→ Exercise:
The reply must contain exactly the lines below from the one with "少先隊(duì)員代表向各位" down to the one with "Ce stylo festif", both included, and nothing more; please omit the pictures.

→ The input:
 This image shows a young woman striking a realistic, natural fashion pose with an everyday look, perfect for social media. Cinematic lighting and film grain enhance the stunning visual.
...
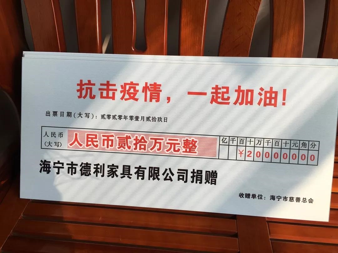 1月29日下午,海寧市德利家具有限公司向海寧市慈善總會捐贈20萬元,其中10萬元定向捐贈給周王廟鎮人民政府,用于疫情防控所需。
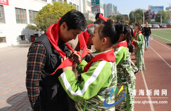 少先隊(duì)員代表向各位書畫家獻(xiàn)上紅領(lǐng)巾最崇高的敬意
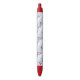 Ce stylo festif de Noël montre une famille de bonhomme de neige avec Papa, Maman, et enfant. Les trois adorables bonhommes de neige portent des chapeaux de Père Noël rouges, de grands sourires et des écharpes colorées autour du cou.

→ Answer to this problem:
 少先隊(duì)員代表向各位書畫家獻(xiàn)上紅領(lǐng)巾最崇高的敬意
 Ce stylo festif de Noël montre une famille de bonhomme de neige avec Papa, Maman, et enfant. Les trois adorables bonhommes de neige portent des chapeaux de Père Noël rouges, de grands sourires et des écharpes colorées autour du cou.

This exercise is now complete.